▶ **Exercise**: Look for the word "Figure" in the entries below, then copy every line that has it.
Top of Material to process
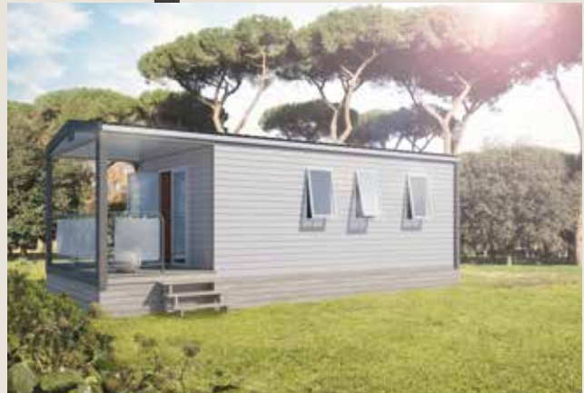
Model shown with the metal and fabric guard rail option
Bottom of Material to process
Top of Material to process
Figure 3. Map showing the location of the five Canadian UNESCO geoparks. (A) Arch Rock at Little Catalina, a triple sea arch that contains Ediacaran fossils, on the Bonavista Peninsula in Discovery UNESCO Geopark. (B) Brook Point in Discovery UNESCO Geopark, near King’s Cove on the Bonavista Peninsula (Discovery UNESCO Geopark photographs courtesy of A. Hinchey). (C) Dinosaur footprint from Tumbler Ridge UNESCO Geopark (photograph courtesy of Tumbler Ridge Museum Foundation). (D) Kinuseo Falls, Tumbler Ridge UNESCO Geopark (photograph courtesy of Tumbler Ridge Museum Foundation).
Bottom of Material to process
Top of Material to process
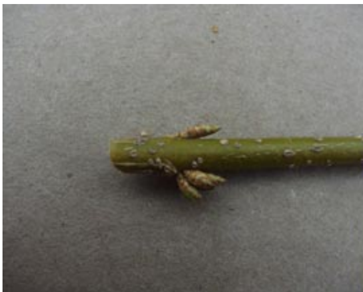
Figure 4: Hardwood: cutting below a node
Bottom of Material to process
▶ **Exercise solution**:
Figure 3. Map showing the location of the five Canadian UNESCO geoparks. (A) Arch Rock at Little Catalina, a triple sea arch that contains Ediacaran fossils, on the Bonavista Peninsula in Discovery UNESCO Geopark. (B) Brook Point in Discovery UNESCO Geopark, near King’s Cove on the Bonavista Peninsula (Discovery UNESCO Geopark photographs courtesy of A. Hinchey). (C) Dinosaur footprint from Tumbler Ridge UNESCO Geopark (photograph courtesy of Tumbler Ridge Museum Foundation). (D) Kinuseo Falls, Tumbler Ridge UNESCO Geopark (photograph courtesy of Tumbler Ridge Museum Foundation).
Figure 4: Hardwood: cutting below a node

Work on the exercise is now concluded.